Figure 8. Top 30 important features. CRPDn, CRP on postoperative day n; CRP Δn, rate of decrease in CRP levels on postoperative day n; HbDn, Hemoglobin on postoperative day n; ASTDn, AST on postoperative day n; ALTDn, ALT on postoperative day n; JP_{L or R} Amylase or Lipase Δn, rate of decrease in amylase or lipase levels on postoperative day n; WBCDn, WBC on postoperative day n; WBC Δn, rate of decrease in WBC levels on postoperative day n; SD, Soft diet.

XGB relies on multiple decision trees, allowing us to measure the importance of a feature by counting the number of times it is used to split the data across all trees. Figure 8 illustrates the proportion of features utilized by XGB. Several clinical studies using machine learning have extracted a subset of features from their databases as the optimal feature set for predicting specific issues. According to a systematic review, earlier studies on AI prediction of surgical complications analyzed 16,193 features (41). However, as commonly recognized in the machine learning community, the optimal feature set can vary depending on the size of the dataset (42, 43). This variability makes it challenging to expect that a feature set derived from one research study using data from a specific hospital will also be optimal when applied to other hospitals.
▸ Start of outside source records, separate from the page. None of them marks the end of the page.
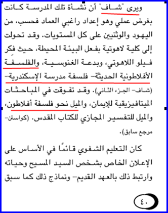 هل تتوقع أن يخرج كتاب "مسيحي" من كاتب "مسيحي" يقول لايوجد شئ إسمه تثليث؟ ستحكمون فوراً عليه بالهرطقة،بالطبع كل المراجع ستقول هناك تثليث؛لأنهم يُفسرون النصوص على مزاجهم،والمعيار الحقيقي،هل فعلاً يوجد نصوص تشهد للثالوث أم لا وهذا بالبحث.. . . . 3- التعليق على جزئية أفلوطين وفضح القمص عبد المسيح بسيط . .. . بعدما أثبت أن عقيدة النصارى مُقتبسة من فلسفة أفلوطين،والذي هو تلميذ أفلاطون،وأثبت كلامي بمراجع مسيحية وأقوال علماء مسيحيين وسأعيدها الآن مرة أخرى لنُحكم الخناق على النصراني الذي يقول :- اقتباس:
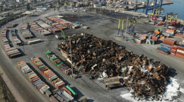 Türkiye Kahramanmaraş merkezli meydana gelen deprem felaketlerinin yaralarını sarmaya çalışırken Türkiye’nin dördüncü büyük limanı olan İskenderun Limanı’nda devrilen konteynerlerden başlayan yangın 90. saatte güçlükle söndürülmüştü. Limandaki çalışmalar havadan görüntülendi.
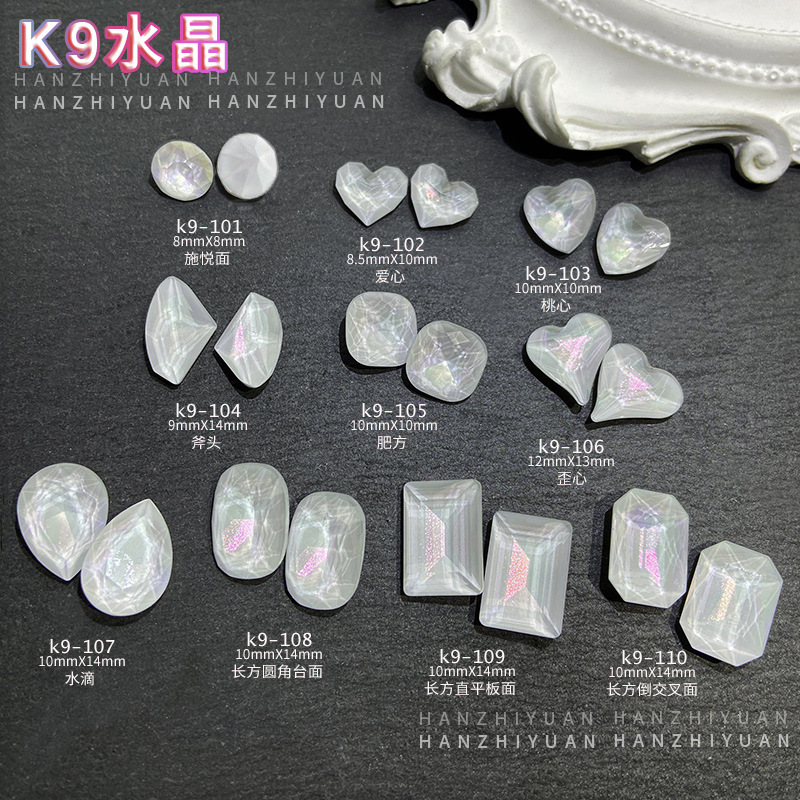 K9水晶ドリルネイルモカ白水晶蛍光ドリル大歪心肥方軽豪華ガラス異形尖底ドリルアクセサリー
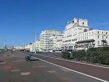 West Street formed the western limit of development in Brighton until the end of the 18th century. At that time, the town was growing from a small fishing and agricultural settlement into a fashionable seaside resort. From 1800 on, seafront land that was formerly part of the West Laine[note 1] was sold off in parcels to speculative builders. Some large-scale residential development took place, but it was only after 1820—when the road running parallel to the beach was widened and straightened to form a seafront promenade called Kings Road—that the area became easily accessible.[3] The hotels, lodging houses and inns built along this stretch of road became the most popular and exclusive in the town at that time.[4]
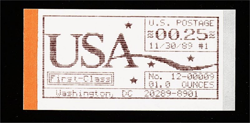 922 nh CVP26-30 image#CVP26-30, 1989 25c to $8.75 Washington, D.C., machine 12, computer vended postage cplt., the set of five different values, each still affixed to original label backing, brilliantly fresh, extremely fine; the rarest of all the computer vended postage issues which are now listed in Scott, however the Scott catalog does not yet price this rare set; each value accompanied by a 1999 PF certificate. (Image) Est. 2,000-3,000
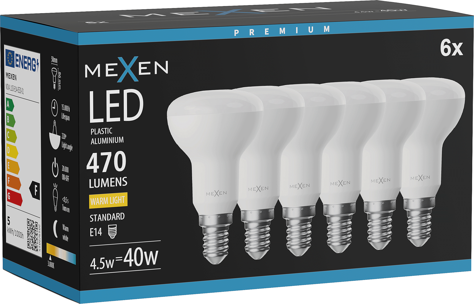 Mexen Nova 6x Bec de lampă LED E14, R50, 4,5W, Caldă - 3000K, 470 lm - L103-E14-0530-01x06
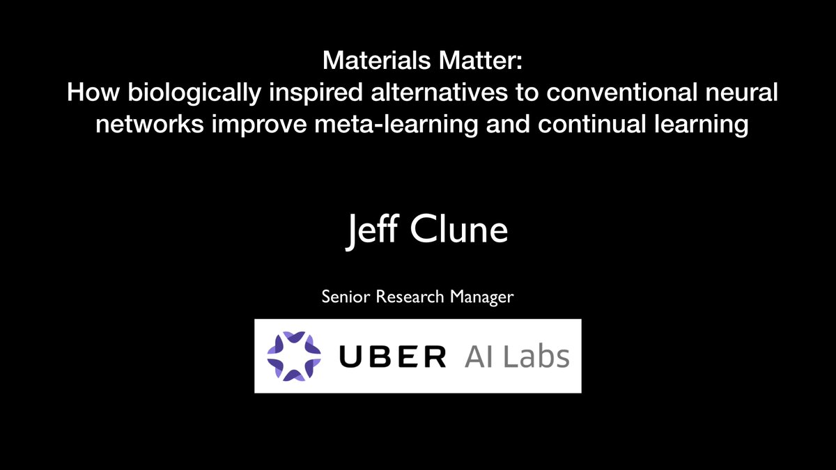 Slides for my 2nd NeurIPS talk. "Materials Matter: How biologically inspired alternatives to conventional neural networks improve meta-learning and continual learning" Covers Differentiable Plasticity & ANMML http://www.cs.uwyo.edu/~jeffclune/share/2019_12_13_NeurIPS_Biological_and_Artificial_RL.pdf …
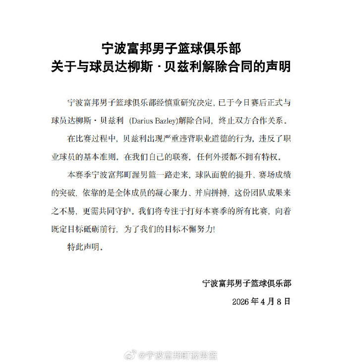 4月8日,宁波队以97比119输给了上海队。在该场比赛中,宁波队外助贝兹利在一次荒唐后与队友发生了浓烈的争持与曲直。宁波队在当晚发布声明中称,球队将与贝兹利拔除责任条约。宁波队这样的作念法被外界点赞。
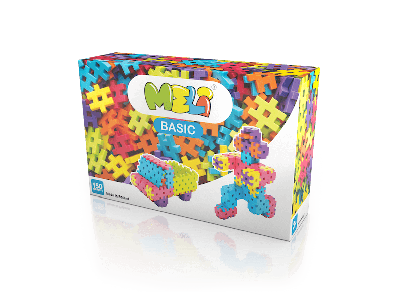 - As many as 150 elements enclosed in a handy box. Meli Basic construction set of building blocks is ideal for every boy and girl. The set also includes instructions in the form of a booklet, which will inspire the little builder.
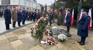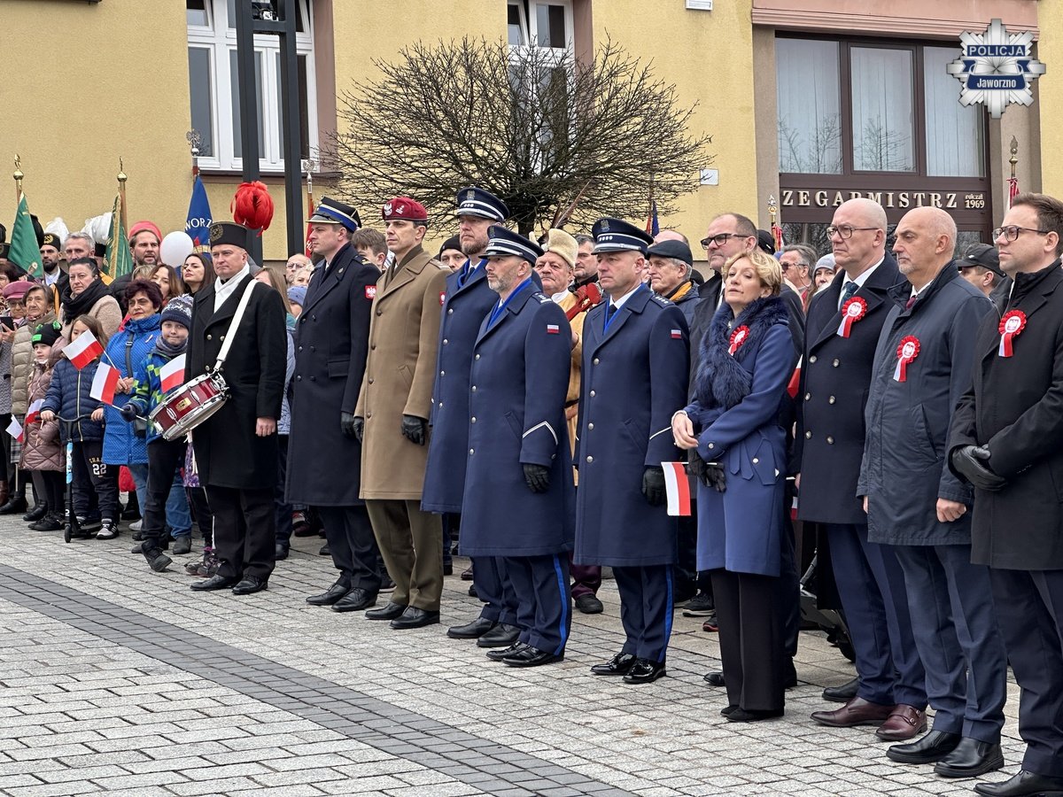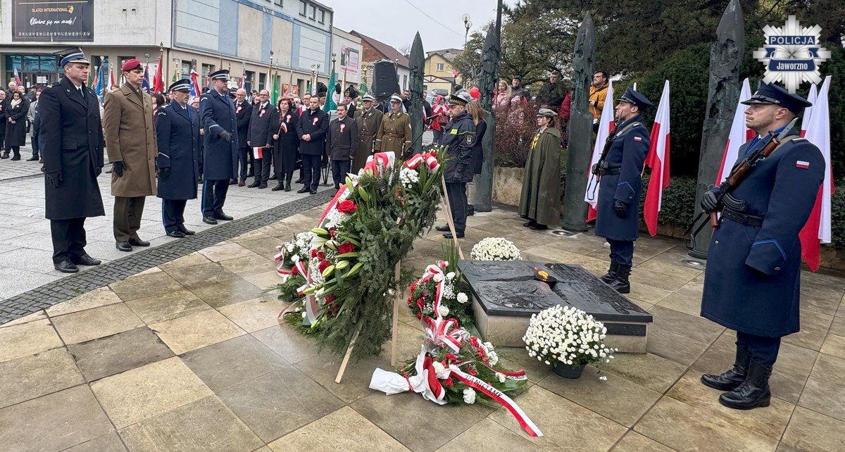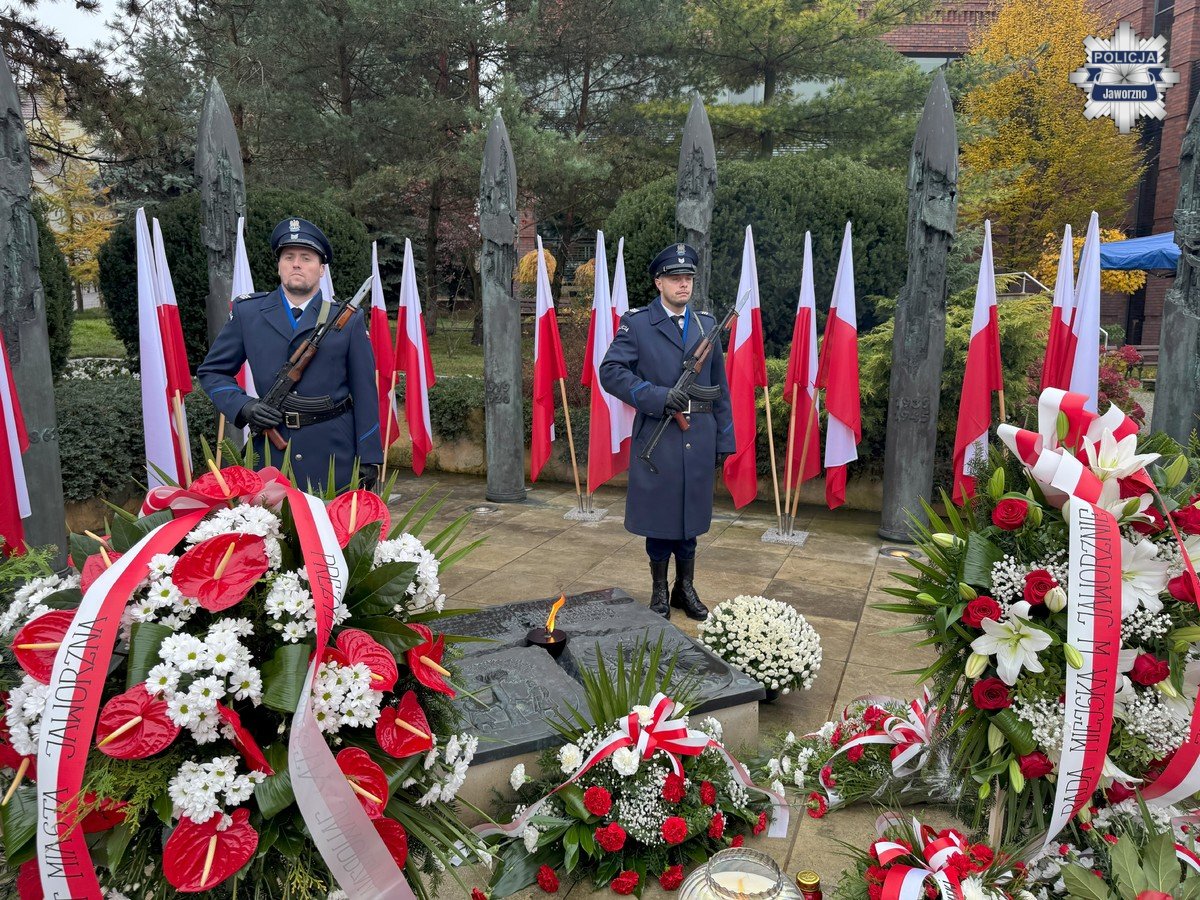 Oddając hołd wszystkim, którzy na przestrzeni dziejów walczyli o wolność i niepodległość Polski Komendant Miejski Policji w Jaworznie inspektor Paweł Dratwiński złożył kwiaty pod Pomnikiem Niepodległości w obecności: Komendanta Miejskiego Policji w Rudzie Śląskiej insp.dr Piotra Uwijały, Szefa Wojskowego Centrum Rekrutacji w Katowicach ppłk Michała Napierały, Komendanta Miejskiego Państwowej Straży Pożarnej w Jaworznie mł.bryg. Macieja Skulicha oraz Przewodniczącego Zarządu Terenowego NSZZ Policjantów w Jaworznie nadkom. Sebastiana Ciołczyka.

In this study, we empirically demonstrate that the XGB (18) and SVM (17) algorithms achieve better performance when trained on a larger number of features compared to using feature sets identified in previous studies. Additionally, we show that these algorithms maintain stable performance despite variations in the number of features. These results suggest that our approach could be effective when utilizing data from different institutions to train DSL prediction models, offering greater generalization and adaptability across various clinical settings.

Moving beyond simple complication prediction, actionable clinical scenarios can be envisioned for applying this model. Evidence on intraoperative drain placement remains controversial. Weindelmayer et al. found that avoiding drains after gastrectomy for gastric cancer may increase the risk of postoperative invasive procedures, supporting routine drain use (44). In contrast, Lim et al. reported limited benefits of prophylactic drainage in preventing major intra-abdominal complications, aligning with the growing preference for drain omission under enhanced recovery after surgery (ERAS) protocols (45). Our predictive model aims to resolve these conflicting approaches by providing real-time risk assessment for DSL, a severe complication linked to fluid collections. By guiding surgeons on whether to place a drain during surgery and when to remove it postoperatively, the model enhances safety while supporting ERAS principles, potentially improving recovery outcomes and standardizing decision-making.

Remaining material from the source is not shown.